First, history matters. Amongst those who desired a Conservative victory, there has been much talk about how Andrew Scheer and his team frittered away a “winnable” election. If only the Conservatives had chosen back in 2017 someone else – Rona Ambrose, Jason Kenney, Peter MacKay, John Baird – then the Conservatives would have steamrollered over Justin Trudeau. Well, none of them ran, and they did not run precisely because they did not fancy six years on the opposition benches before a chance for victory came. Why? Because as everyone knows, first-term governments in Canada are never defeated. Ever. Just doesn’t happen.

Okay, okay – there was one time 84 years ago, back in 1935, when the country was only 68 years old. R. B. Bennett was defeated in the midst of the Great Depression. And he was defeated by a former prime minister, Mackenzie King. So, the one time Canadians defeated a first-term government, it was to go back to the immediate past prime minister. We like stability.

The election was only winnable for the Conservatives in the sense that occasionally something that never happens does happen for the first time. By definition that is rare. It did happen this year that for the first time the party that won the most votes did not win the most seats, so make of that what you will. 

I think it means the Conservatives did better than any opposition party facing a first-term government has ever done, but we can argue about that. What is not debatable is that the Conservatives confounded expectations by not winning. No one ever has, so it should not have been expected.

Second, we are told that campaigns matter, often by people – pollsters, campaign managers, political commentators, journalists – who have a clear interest in people believing that campaigns matter. But do they? 

In Alberta earlier this year, the final vote count was almost exactly what polls had been showing as far back as November 2017, when Jason Kenney won the leadership of the newly unified conservative parties in Alberta. Between then and the election, the governing New Democrats entirely changed their climate policies, and spent 18 months decrying Kenney as the second coming – but much, much worse this time! – of Genghis Khan. None of it, despite fevered analysis of this or that surge, apparently made any difference. 

It is not the case that campaigns have no effect, but the latest federal campaign appears to have come in exactly where things have been for more than six months, with the Liberals and Conservatives very close in the 33 per cent to 34 per cent range of the popular vote. The late surge by the NDP and the Greens was less than advertised. Perhaps only the Bloc can be said to have changed its circumstances during the campaign itself.

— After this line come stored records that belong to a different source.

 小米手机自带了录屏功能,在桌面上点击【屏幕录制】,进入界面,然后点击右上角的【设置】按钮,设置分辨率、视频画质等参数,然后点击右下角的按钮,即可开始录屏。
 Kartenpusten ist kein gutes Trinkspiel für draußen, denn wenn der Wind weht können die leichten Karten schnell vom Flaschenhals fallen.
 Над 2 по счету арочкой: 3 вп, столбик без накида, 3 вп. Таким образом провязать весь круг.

Finally, religion took a beating in this campaign. In his post-mortem, my National Post colleague, Matt Gurney, wrote lines that he himself found distressing:

But the biggest mark against Scheer as a leader is probably his religious beliefs. I feel dirty even writing that, because I respect the right of every Canadian to hold their own views on spiritual matters. But I’m also a pragmatist. The Liberals, whenever facing any headwinds, will always, always play the so-con hidden agenda card. It’s low, and often pathetic, but it works, and they aren’t going to stop. And it works best of all when the leader is indeed in fact a social conservative, and one who seemed weirdly unable or unwilling to answer simple questions about how his faith intersects with his professionalism. These were questions the leader and party must have known were coming. They had nothing to say.

I wish we lived in a country where every citizen was permitted the respect and dignity of a private spiritual life. But that’s not the country we live in, especially if you’re a Conservative. It’s an automatic anchor wrapped around your neck. Perhaps if Scheer had been willing to confidently assert what his beliefs were, and also why he’d still avoid the contentious issues of abortion and gay marriage, Canadians might have been swayed by his sincerity. But his effort was late and barely half-hearted. It probably did more harm than good.

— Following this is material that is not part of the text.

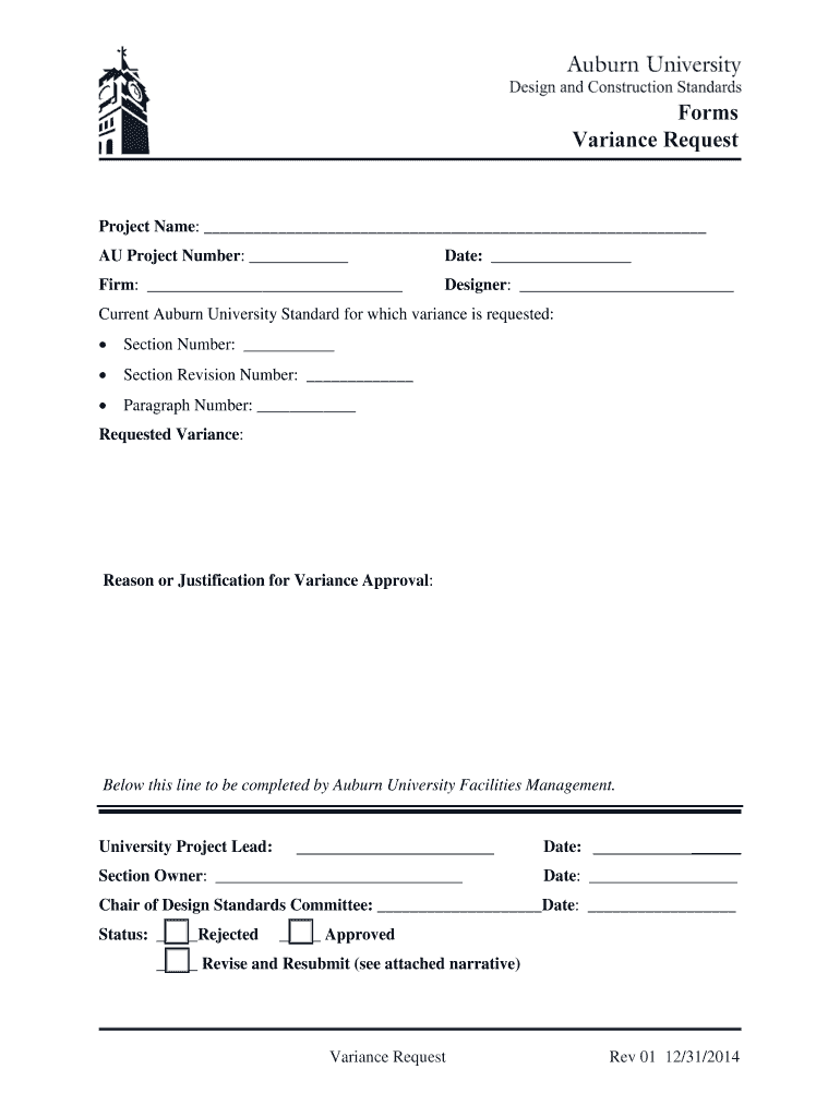 Form Forms Variance Request VarianceProject Name: AU Project Number: Date: Firm: Designer: Current Auburn University Standard for which variance is requested: Section Number: Section Revision Number:

Let’s concede that Scheer could have handled the religion issue better; it remains ominous that there is a religion issue to handle. And while we will no doubt return to this topic, let it be noted that religion was an issue for the other opposition leaders as well. Elizabeth May began the campaign by apologizing for saying aloud what everyone who knows her knows, namely that she takes her Christian faith very seriously. 

Jagmeet Singh, who would be barred from employment in the Quebec public service because of his religious dress, could only manage to say that it made him “sad” to be the potential subject of religious persecution. He is more than sad about other matters such as ocean-borne plastic.

There was no surprise that the NDP did so poorly in Quebec; voters who support by a 2-1 margin the state prohibition of religious attire were never going to vote for a man in a turban. And when Justin Trudeau repeatedly said in the French debate that Scheer did not “share our Quebec values” it sounded very much like the language used to justify Bill 21, that people who insist on dressing like Singh are alien to those same Quebec “values."

History made this election predictable, the campaign itself was marginal and the treatment of religion made it lamentable. What’s the old line about democracy being the worst system of government except for all the others? Agreed.